Neural networks as approximators
Before we begin
A neural network is a flexible function approximator: layers of nonlinear transforms map raw observations to values or policy logits. Deep Q-Networks use a net to output Q(s, ·) for all discrete actions; policy gradients output action probabilities or continuous means.
The update logic from linear FA carries over — but capacity, nonlinearity, and training dynamics change everything.
What you will learn
- Map linear FA notation to Q(s, a; θ) with network weights θ.
- Architect DQN-style heads (shared trunk, per-action Q or single Q with action input).
- Write loss for Q-fitting as supervised regression on TD targets.
- Choose activations, output layers, and input preprocessing for RL.
- Connect to PyTorch training loop patterns.
From w to θ
Linear: Q̂(s,a) = w_aᵀ φ(s)
Neural: Q̂(s,a) = f_θ(s, a) where f is MLP or CNN.

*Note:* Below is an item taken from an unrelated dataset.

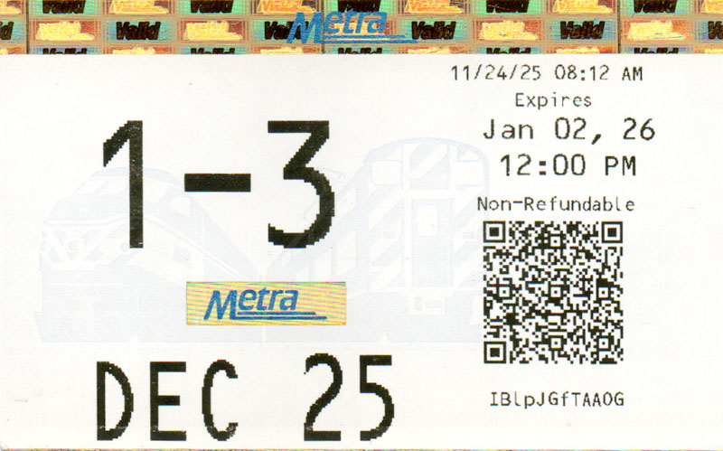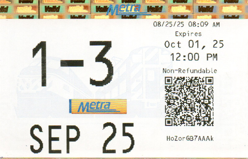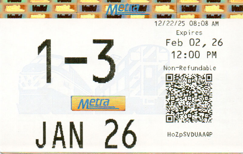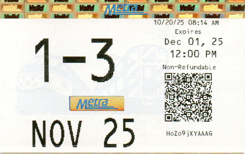 Below are scans of monthly train tickets Metra sells in and around Chicago. I started collecting them when I started riding the train in 2004 and thanks to generous donations from Metra and fellow riders, it’s grown by leaps and bounds. More about the tickets and why I’ve uploaded them are detailed in several blog posts: Metra ticket gallery updates, Metra tickets galore, and Metra ticket designs. I’m always looking for more tickets so please contact me if you have some.

Shared trunk h = CNN(obs); Q_a = head_a(h) — efficient for Atari (many actions, one image).
import torch
import torch.nn as nn
class QNet(nn.Module):
def __init__(self, obs_dim, n_actions, hidden=128):
super().__init__()
self.net = nn.Sequential(
nn.Linear(obs_dim, hidden),
nn.ReLU(),
nn.Linear(hidden, hidden),
nn.ReLU(),
nn.Linear(hidden, n_actions),
)
def forward(self, obs):
return self.net(obs) # shape (batch, n_actions)TD target as regression label
For transition (s, a, r, s′):
y = r + γ max_a′ Q̂(s′, a′; θ⁻)
Loss on (s, a): L = (y − Q̂(s, a; θ))²
θ⁻ is target network (frozen copy) in DQN — reduces moving-target instability.
def q_learning_loss(q_net, target_net, batch, gamma):
obs, actions, rewards, next_obs, terminated = batch
q_sa = q_net(obs).gather(1, actions.unsqueeze(1)).squeeze(1)
with torch.no_grad():
q_next = target_net(next_obs).max(dim=1).values
q_next = q_next * (~terminated).float()
target = rewards + gamma * q_next
return ((target - q_sa) ** 2).mean()Architecture choices
| Problem | Typical arch |
|---|---|
| Low-dim vector (CartPole) | 2–3 layer MLP |
| Images | CNN (Nature DQN stack) |
| Continuous actions | Separate actor (policy) net — Module 5+ |
| Output | Activation |
|---|---|
| Q-values | None (unbounded) |
| Policy probs | Softmax |
| Continuous mean | Tanh × scale |
Preprocessing
- Normalize observations (running mean/std).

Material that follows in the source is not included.